L'ingénierie tissulaire et les biomatériaux
L'ingénierie tissulaire vise à créer des substituts cartilagineux en laboratoire, à partir de cellules du patient ensemencées sur des matrices biocompatibles (scaffolds). Ces constructions biologiques pourraient un jour être implantées dans les zones d'érosion cartilagineuse pour restaurer la surface articulaire. Les progrès de la bio-impression 3D ouvrent des perspectives fascinantes pour fabriquer des implants cartilagineux sur mesure, reproduisant fidèlement l'architecture et les propriétés mécaniques du cartilage natif. Ces technologies, encore au stade expérimental, pourraient à terme offrir une alternative à la prothèse articulaire pour les patients atteints d'arthrose dégénérative avancée.
Vivre avec une arthrose dégénérative au quotidien
L'arthrose dégénérative est une maladie chronique qui nécessite une adaptation du mode de vie et une implication active du patient dans sa prise en charge. Au-delà des traitements médicaux, plusieurs stratégies pratiques permettent de mieux vivre au quotidien avec cette pathologie.
L'éducation thérapeutique : comprendre pour mieux agir
Les programmes d'éducation thérapeutique du patient (ETP) ont démontré leur efficacité dans l'arthrose dégénérative. Ils permettent au patient de comprendre sa maladie, d'acquérir les compétences nécessaires pour gérer les poussées douloureuses, d'adopter les bons gestes de protection articulaire et d'intégrer l'activité physique dans son quotidien de manière durable. Les patients éduqués ont une meilleure observance thérapeutique, une douleur mieux contrôlée et un moindre recours aux soins d'urgence.
Les aides techniques et l'ergonomie
L'utilisation d'aides techniques adaptées permet de réduire les contraintes sur les articulations atteintes d'arthrose dégénérative. Les orthèses de genou (genouillères stabilisatrices, orthèses de décharge), les semelles orthopédiques, les cannes de marche et les aménagements ergonomiques du domicile et du poste de travail font partie de l'arsenal thérapeutique. La kinésithérapie joue un rôle central dans l'apprentissage des gestes de protection articulaire et dans la mise en place d'un programme de rééducation individualisé.
La dimension psychologique
L'impact psychologique de l'arthrose dégénérative ne doit pas être sous-estimé. La douleur chronique, la limitation progressive des activités et la perte d'autonomie peuvent entraîner anxiété, dépression et isolement social.

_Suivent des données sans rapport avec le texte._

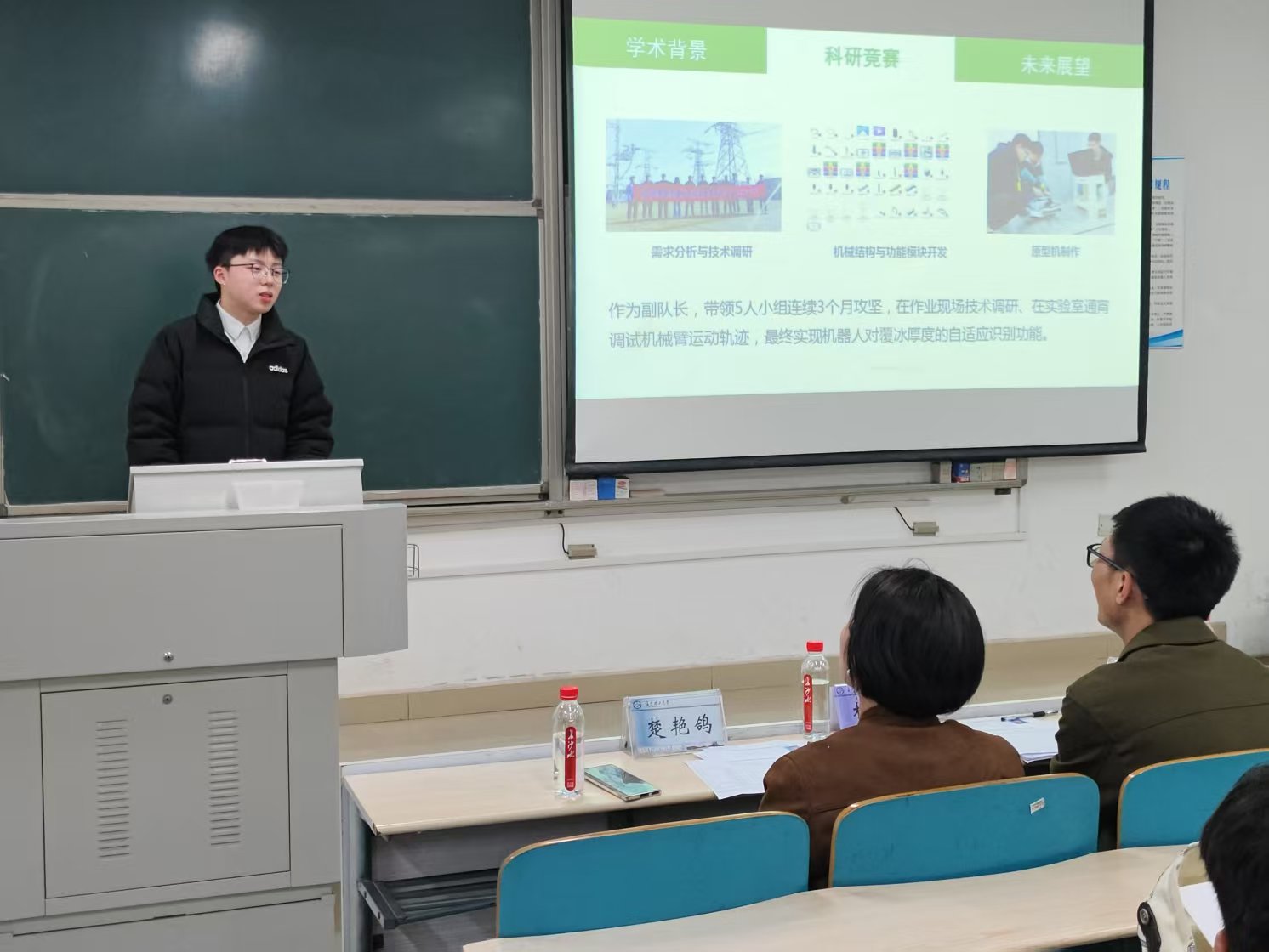 答辩伊始,主持人向参会人员简要介绍集团基本情况以及答辩流程与评分细则。“湘能楚天电力专项奖学金”分设服务奉献奖、学习标兵奖、学习进步奖、科技英才奖、文体特长奖以及优秀科研团队、优秀寝室、优秀学生团队奖。每位候选人按照答辩顺序依次上台,分别从学习成绩、社会实践、学科竞赛、志愿服务等方面,结合所申报奖学金类别,对个人及团体取得的成果,团队成果、风采,未来展望进行全方位、多角度的展示。评委们根据展示内容进行提问和点评。候选人们沉着应对,凭借丰富的知识储备和清晰的思维逻辑进行回答,充分展现了长理电气学子的风采和自信。

Or, la détresse psychologique amplifie la perception douloureuse et réduit la motivation à maintenir une activité physique régulière, créant un cercle vicieux délétère. La prise en charge psychologique, qu'il s'agisse de thérapie cognitivo-comportementale, de techniques de relaxation ou de groupes de soutien entre patients, fait partie intégrante d'une prise en charge globale et efficace de l'arthrose dégénérative.